This is the first circuit I have built in about 30 years so I need to study all the suggestions and info you guys have given me and put more thought and planning into this. I'm looking forward to the challenge.
Thanks again for your input, I'll keep updating my progress.
 

(*steve*)

¡sǝpodᴉʇuɐ ǝɥʇ ɹɐǝɥd
Moderator
Beware that using the device as a switch may mean you drive it to saturation.

There is an application note somewhere that describes how to increase the speed of optocouplers. The same principles apply to what you're doing.

As a rule of thumb, as you increase sensitivity you reduce speed. My suggestion was based on the output being in the linear range and detecting small changes.

Kris has tackled the problem from another angle.
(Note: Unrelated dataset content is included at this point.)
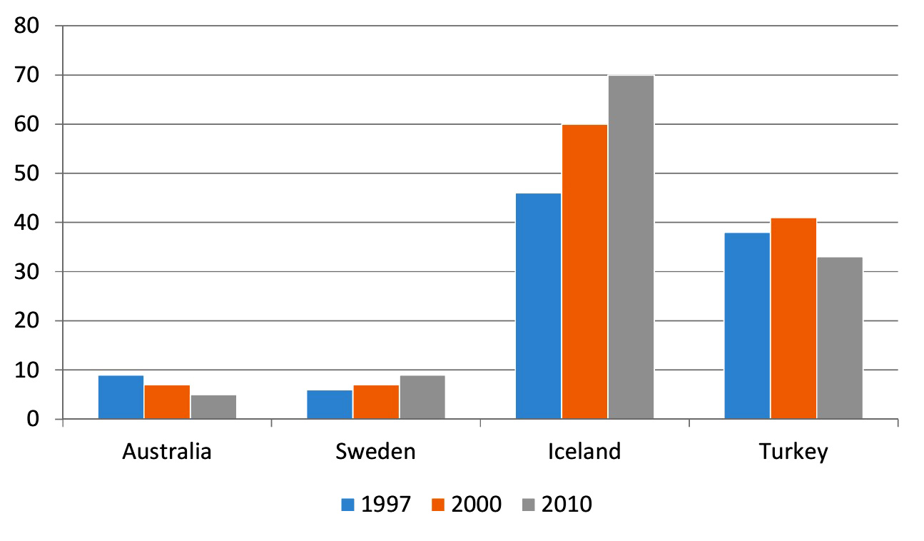 In 1997, almost half of the total energy produced in Iceland came from renewable resources. This figure continued to climb steadily to 60% in 2000 and more than 70% in 2010. Meanwhile, in 1997, only approximately 5% of the entire amount of energy produced was generated from natural resources in Sweden, who experienced a similar trend to that of Iceland in regards to proportion of renewable energy produced.

His general points about speed and emitter resistors are worth noting
 

(*steve*)

¡sǝpodᴉʇuɐ ǝɥʇ ɹɐǝɥd
Moderator
These are talking about optocouplers, but with one very minor difference, and two more significant differences, that's what you have.

Here, here, and here. (edit: I fixed the links)

The minor difference is that yours is somewhat larger.

The significant differences are that you're interrupting the beam (so LED delays are NOT a factor) and that it is not enclosed (so ambient lighting IS a factor).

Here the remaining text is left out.